A LIVELLO TECNICO, AVETE PROVATO QUALCHE SOLUZIONE MAI AFFRONTATA IN PASSATO?
“Il tratto saliente nei nuovi pezzi, ciò che hanno in comune, è il ruolo primario del basso. Ho suonato il basso, in tante parti, un po’ alla Cure, insistendo sul suonare una sola corda alla volta: anche le tastiere, invece di stare sullo sfondo, sono state messe più in risalto del solito. Tutto quanto puoi sentire va nella direzione di ottenere un sound positivo ma non eccessivamente allegro, avente comunque un senso di malinconia di fondo che permea tutta l’opera. In questo, le linee di basso sono determinanti”.

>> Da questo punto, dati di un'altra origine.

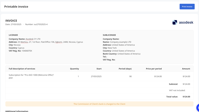 Click the "Print Invoice" button in the upper right corner to download or print your invoice. You will receive the document in PDF format.

I TESTI SONO PIÙ INFLUENZATI DA TUE ESPERIENZE PERSONALI, OPPURE SONO UNA RIFLESSIONE SU QUANTO ACCADE NEL MONDO E SI ISPIRANO A QUALCOSA CHE STA FUORI DALLA TUA SFERA PRIVATA?
“Ho fatto confluire nel disco emozioni molto personali, tanto da aver scritto tutta la musica e i testi, quando di solito contribuiscono un po’ tutti alla creazione delle canzoni. Questa volta mi sentivo di occuparmi di ogni cosa e così è stato”.